However, when I made a simple "debugging" change to null_terminate.
I saw this (bad) case:
null_terminate: s=pattmp.5, len=8
null_terminate: i=528
In a "good" case, I expect that i would be len-1. It
certainly is not in this case.
The debugging change I made to null_terminate was this:
int i = 0;
printf("null_terminate: s=%s, len=%d\n", s, strlen(s));
while (*s != ' ')
{ s++; i++; }
printf("null_terminate: i=%d\n", i);
In the (bad) case of pattmp.5, it looks like the string does
NOT have a trailing space and the null_terminate function will
add the NULL termination to some unknown location. It may
sometimes work, but it looks like a source code bug to me.
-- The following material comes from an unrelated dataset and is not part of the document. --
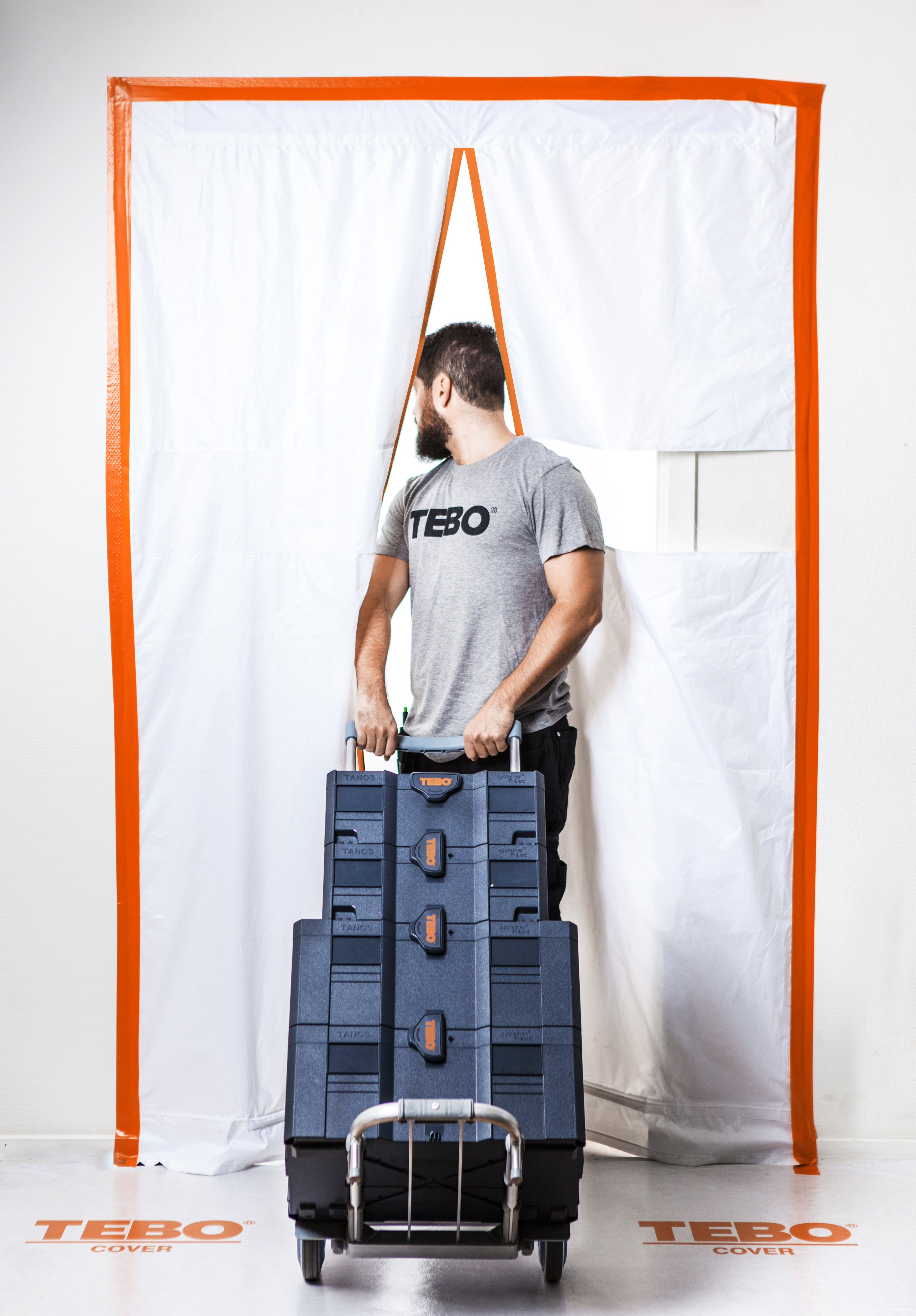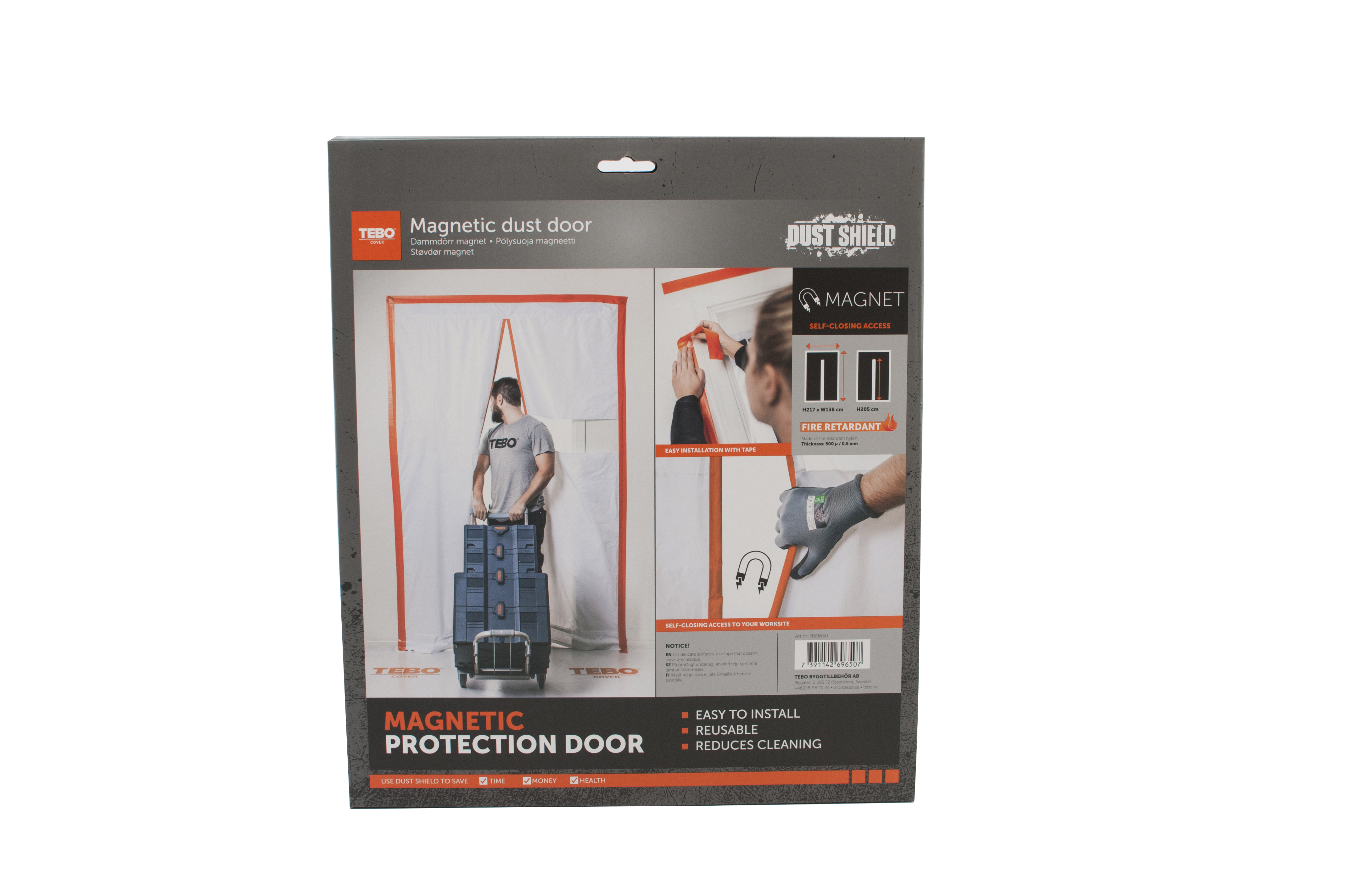 Dammlucka tillverkad av brandsäker nylon med magnetisk dragkedja för att täcka dörröppningar vid renoveringar. Dammluckan förhindrar att byggdamm sprids och underlättar samtidigt passage från rum till rum. Se produktvideon här .

Let me know if this helps.
I have have found a solution for the performance problem. Patgen runs
now in 10 minutes on a 600MHz Digital UNIX system. On our four year old
OSF/Alpha system (32 MBytes memory) it still takes 33 minutes. My
simple Pentium II based Linux system (64 MBytes) outperforms these
alpha's with 8 minutes and 30 seconds. For a detailed description of
the problem and the solution see my HTML page
http://euridice.tue.nl/~ptutelae/TeX/patgen
Hope the solution will find its way in the web2c sources of patgen.
> alpha's with 8 minutes and 30 seconds. For a detailed description of
> the problem and the solution see my HTML page
> http://euridice.tue.nl/~ptutelae/TeX/patgen
No mention of a bad null_terminate routine?
Donald Arseneau as...@triumf.ca
>Piet Tutelaers <P.T.H.T...@tue.nl> writes:
>> alpha's with 8 minutes and 30 seconds. For a detailed description of
>> the problem and the solution see my HTML page
>> http://euridice.tue.nl/~ptutelae/TeX/patgen
>No mention of a bad null_terminate routine?
I had some discussion with Jeff Sullivan about this problem. The
problem did occur after patgen was finished with the patterns and wants
to write the resulting pattmp.N file (N depends on the wanted
hyphenation level). For some strange reason patgen, only on a Digital
UNIX system, expects a space after the filename "pattmp.N". We could
solve this easily in the patgen2.c version but the bad performance
still was there. When I switched over to the patgen sources from the
latest TeXlive CD I did not see the null_terminate problem anymore.
That is the reason why I forgot about it.
>Donald Arseneau as...@triumf.ca
--Piet